И я понял истинный смысл его слов: двери покаяния всегда открыты.
ПРИКЛЮЧЕНИЕ
Мы несколько лет были связаны по работе, и ни разу за все это время я не слышал от него доброго слова. Чувства, которые мы испытывали друг к другу, можно было бы назвать сдержанной неприязнью. Моррис Шапиро был владельцем известной типографии «Кадимах», а я, Давид Грейдингер — неизвестным редактором совсем еще молодого журнала «Всходы». Моррису Шапиро не нравились ни наши претенциозные писания, ни новая орфография идиша. Кроме того, мы вечно были у него в долгу. Начинающие писатели нередко вносили исправления в свои эссе и рассказы, когда отпечатанные страницы уже шли в набор. Моррис Шапиро говорил им в таких случаях: «Знаете, с ошибками это лучше читается».
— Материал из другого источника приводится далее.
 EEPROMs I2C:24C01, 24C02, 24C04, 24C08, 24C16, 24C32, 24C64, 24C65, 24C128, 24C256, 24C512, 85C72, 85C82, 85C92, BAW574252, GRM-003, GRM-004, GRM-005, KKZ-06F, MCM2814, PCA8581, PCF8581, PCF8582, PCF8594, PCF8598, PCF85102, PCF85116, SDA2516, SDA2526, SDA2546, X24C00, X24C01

До войны типография Морриса Шапиро с пятнадцатью линотипами и двумя печатными станками была одной из самых больших в Варшаве. После войны конкуренция возросла. Союз печатников требовал повышения заработной платы. Моррис Шапиро время от времени угрожал все продать или сдать в металлолом. Современный иврит раздражал его так же, как новомодный идиш. Он отпускал саркастические замечания по поводу футуристической поэзии, не имевшей ни рифм, ни размера, и с ностальгией говорил о Переде, Фришмане, Спекторе и других писателях-классиках, чьи произведения ему доводилось печатать.
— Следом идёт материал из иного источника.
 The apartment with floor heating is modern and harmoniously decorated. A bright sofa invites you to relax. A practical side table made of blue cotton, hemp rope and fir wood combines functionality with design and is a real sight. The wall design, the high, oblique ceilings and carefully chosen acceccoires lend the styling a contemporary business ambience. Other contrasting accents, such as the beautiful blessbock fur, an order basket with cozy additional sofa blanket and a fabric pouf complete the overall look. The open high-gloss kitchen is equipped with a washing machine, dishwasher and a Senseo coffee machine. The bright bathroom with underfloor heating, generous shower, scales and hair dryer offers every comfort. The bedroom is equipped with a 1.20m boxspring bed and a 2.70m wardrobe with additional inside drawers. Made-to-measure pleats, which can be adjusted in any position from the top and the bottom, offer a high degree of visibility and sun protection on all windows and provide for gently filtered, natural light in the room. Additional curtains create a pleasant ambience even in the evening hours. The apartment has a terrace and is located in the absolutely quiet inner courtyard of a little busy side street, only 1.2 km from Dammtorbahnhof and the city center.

Несмотря на упорные слухи о том, что он находится на грани банкротства, Моррис Шапиро держался так, словно все еще очень богат. Он никогда не дотрагивался до свежеотпечатанных страниц и близко не подходил к станкам, чтобы не испачкаться. Он сидел в кабинете за изящным столом из красного дерева, и секретарь подавал ему чай, печенье, апельсин. Моррис Шапиро был низкого роста, широкоплечий, с усами и пышной шевелюрой, когда-то черной, как смоль, но и теперь не потерявшей былого великолепия. На широком носу он носил пенсне в золотой оправе, соединявшееся с лацканом пиджака черной ленточкой. Рубашка на нем всегда была белоснежной, на манжетах сверкали золотые запонки. Даже счеты, которыми он пользовался при работе, были дорогими, со струнами, сиявшими, как серебро, и колесиками из слоновой кости. Выражение его темных глаз было суровым и величавым. На телефонный звонок Моррис Шапиро отвечал не сразу. Он не спеша дочитывал газетный абзац или дожевывал и проглатывал печенье. Только после этого он поднимал трубку и произносил: «Да».
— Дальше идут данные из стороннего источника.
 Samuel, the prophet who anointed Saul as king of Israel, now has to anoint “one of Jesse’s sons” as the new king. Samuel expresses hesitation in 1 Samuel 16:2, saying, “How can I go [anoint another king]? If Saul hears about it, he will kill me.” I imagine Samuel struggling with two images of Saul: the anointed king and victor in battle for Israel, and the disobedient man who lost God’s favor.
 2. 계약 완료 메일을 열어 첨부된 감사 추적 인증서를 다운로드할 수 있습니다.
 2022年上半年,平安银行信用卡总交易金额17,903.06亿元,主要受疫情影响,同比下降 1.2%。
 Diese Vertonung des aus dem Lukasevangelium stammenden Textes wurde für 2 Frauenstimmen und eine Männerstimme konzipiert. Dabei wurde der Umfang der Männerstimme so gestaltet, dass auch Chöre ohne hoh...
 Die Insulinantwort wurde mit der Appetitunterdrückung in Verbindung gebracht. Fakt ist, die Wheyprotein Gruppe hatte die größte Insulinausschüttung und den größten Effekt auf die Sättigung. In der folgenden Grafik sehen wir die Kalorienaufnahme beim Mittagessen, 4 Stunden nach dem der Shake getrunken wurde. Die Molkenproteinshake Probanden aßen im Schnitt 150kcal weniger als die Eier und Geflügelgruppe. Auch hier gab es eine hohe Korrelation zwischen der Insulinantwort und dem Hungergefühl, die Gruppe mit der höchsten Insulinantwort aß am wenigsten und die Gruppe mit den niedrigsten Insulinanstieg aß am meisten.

Я слышал, что Моррис Шапиро женат и что с его сыном случилось какое-то несчастье. Ничего больше о его семье я не знал и, честно говоря, не особенно интересовался. Единственное, что мне от него было нужно, — это чтобы тексты печатались без опечаток и строчки сверстывались в нужном порядке. Наборщики всегда считают писателей недоумками, а писатели никогда всерьез не принимают наборщиков.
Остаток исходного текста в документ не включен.